The global advertising market is undergoing a transition to digital. Traditional TV advertising, while still relevant, is losing ground to advertising on video and social media platforms. Companies such as Meta and TikTok will continue to be key players in this new scenario, while the rise of connected TV marks a promising future for advertisers seeking to adapt to the new demands of the digital consumer.
According to the World Advertising Research Center (WARC), total spending is expected to reach $1.07 trillion in 2024, representing growth of 10.5% over the previous year. This growth is largely due to the rise of digital advertising, which has overtaken traditional TV advertising for the first time. WARC’s projections anticipate an additional 7% increase for the years 2025 and 2026. This report has been supported by the analysis of James McDonald, WARC’s director of data and intelligence, who highlights the role of big tech in this process.
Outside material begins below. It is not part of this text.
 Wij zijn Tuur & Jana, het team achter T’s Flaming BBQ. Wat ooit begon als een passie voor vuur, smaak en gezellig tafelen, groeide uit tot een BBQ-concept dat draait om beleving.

The dominance of large technology platforms such as Alphabet, Amazon and Meta has been crucial in this growth. These companies will attract 43.6% of all global ad spending by 2024, accounting for more than half of all ad revenue outside of China. Advertising on digital platforms has proven to be an effective investment for advertisers, primarily due to their broad audience reach and accurate targeting capabilities. The report highlights how the rapid growth of Meta and the rise of Amazon in the advertising business continue to shape the global landscape.
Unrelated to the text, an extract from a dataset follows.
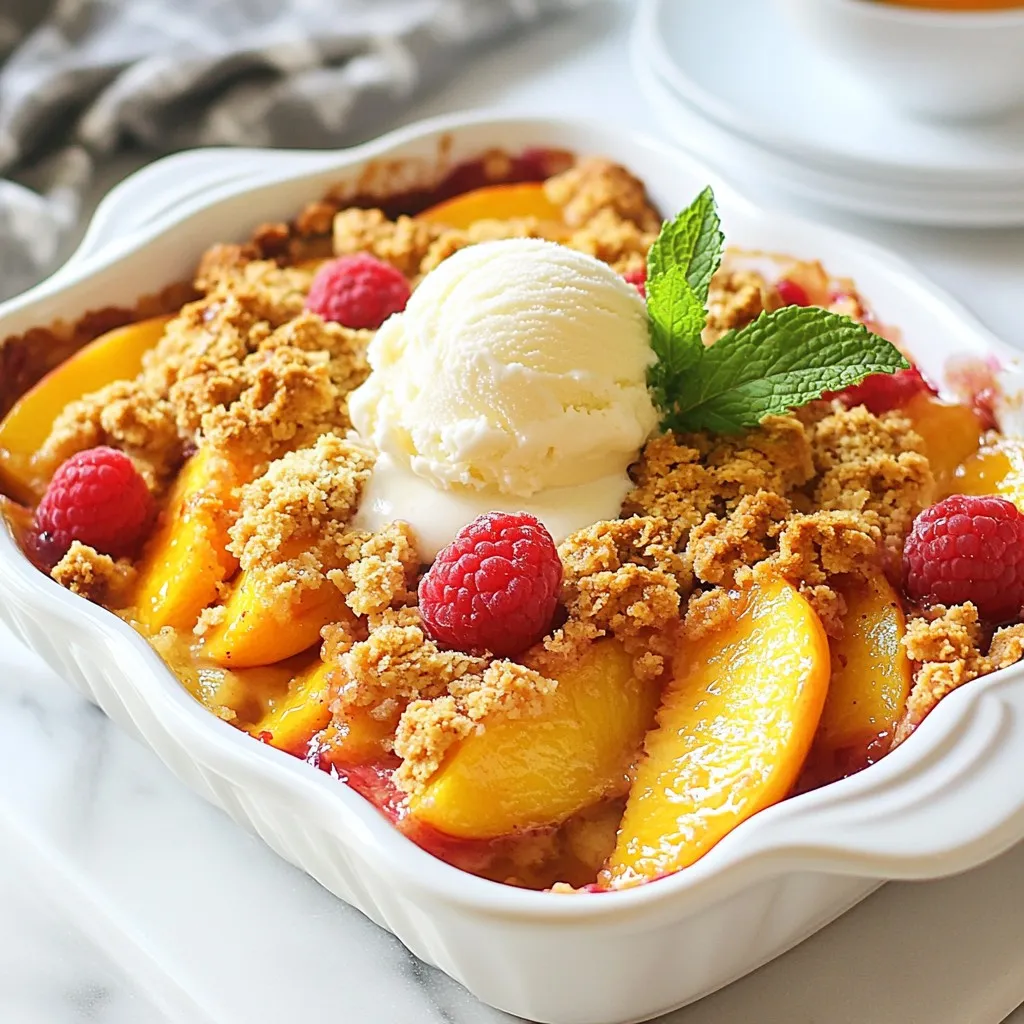 A delightful dessert featuring ripe peaches and fresh raspberries topped with a crunchy crumble.

One of the sectors that has experienced significant change is connected TV, especially through AVOD and FAST platforms. This segment should generate $35.2 billion in revenue this year, accounting for two-thirds of the growth of the digital video market in 2024. By 2025, all of the growth in the video market is expected to come from these platforms, highlighting the transition from traditional to digital formats.
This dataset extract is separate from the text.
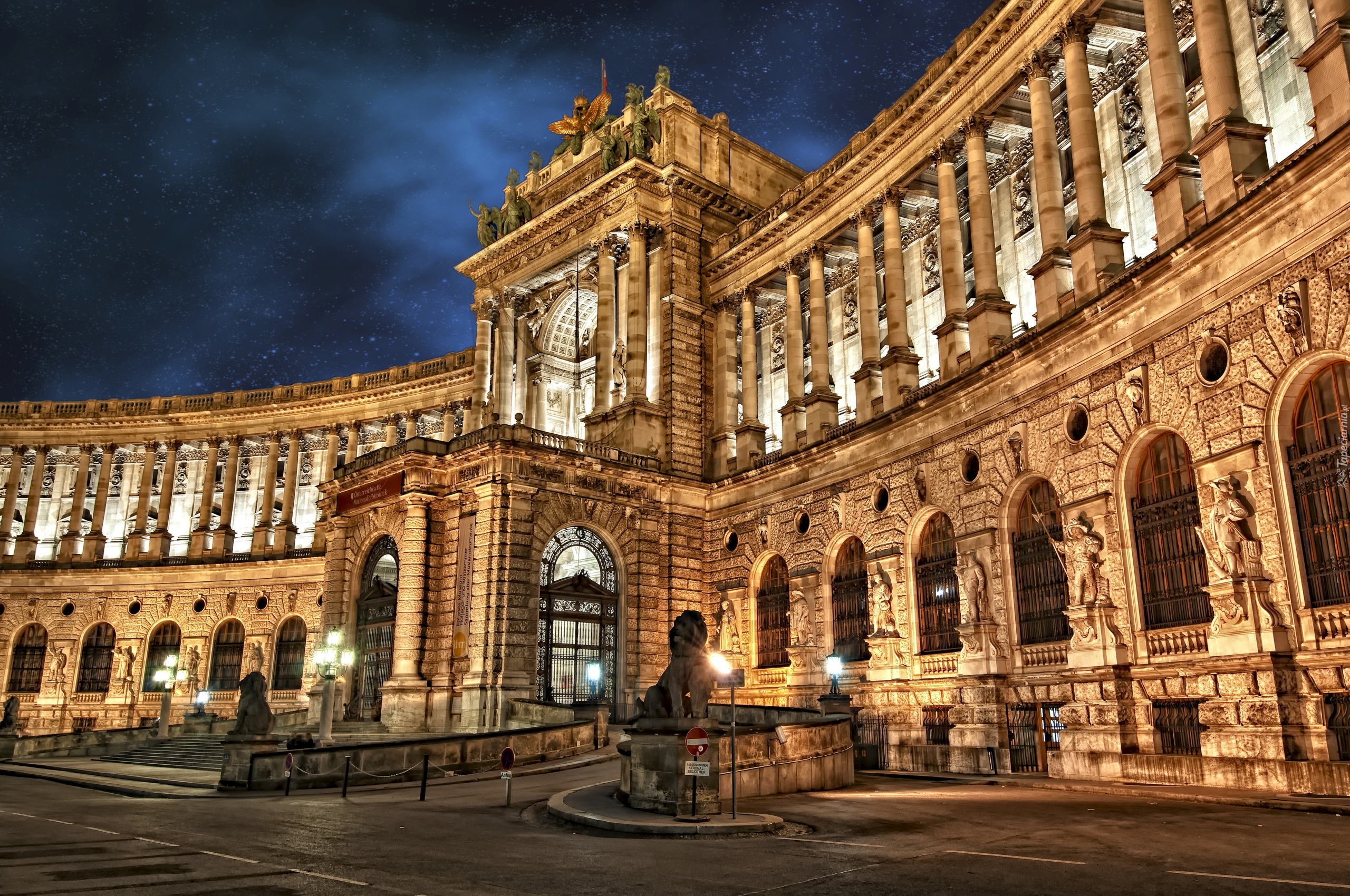 Edytor tapety: Oświetlony pałac Hofburg w Wiedniu nocą

Despite this shift to digital, the report notes that traditional TV advertising continues to play an important, albeit declining, role. In 2023, spending in this segment declined by 1.2% to €100 billion, reflecting increasing audience fragmentation. Brands are investing more in reaching users on multiple platforms, which is negatively affecting conventional TV advertising. However, some regions, such as Asia-Pacific, continue to show growth in TV spend due to factors such as rapid economic development and urbanization.
Moreover, social networks continue their rise as a dominant player in the advertising market. They are expected to generate $241 billion in ad spending by 2024, accounting for 22.6% of the global total. Meta, with a 62.6% share, continues to lead this segment, but TikTok is emerging as a strong competitor. ByteDance, the company that owns TikTok, has increased its share of the social networking market to 20%, a remarkable growth from 9.3% in 2019. Despite this, TikTok’s future in the U.S. is in doubt due to a potential ban, which could affect its access to a key audience: U.S. teenagers.
On another hand, Dentsu predicted that global advertising investment growth would be 4.6% in 2024, reaching US$752.8 billion. While this forecast is more conservative compared to other sources such as GroupM, which forecasts growth of 5.3%, and Magna, with an estimate of 7.2%, it is mainly due to global economic uncertainty. Factors such as inflation, international conflicts (e.g., war in Ukraine and tension in the Middle East) and fluctuating media prices have influenced these projections.
One of the fastest growing sectors projected is connected TV, with an increase of 30.8% by 2024. This growth is driven by the launch of new ad offerings on video platforms and increased advertiser adoption. In addition, digital will continue to be the main driver of advertising spend, with an estimated 6.5% increase by 2024, reaching $442.6 billion, accounting for 58.8% of global ad spend.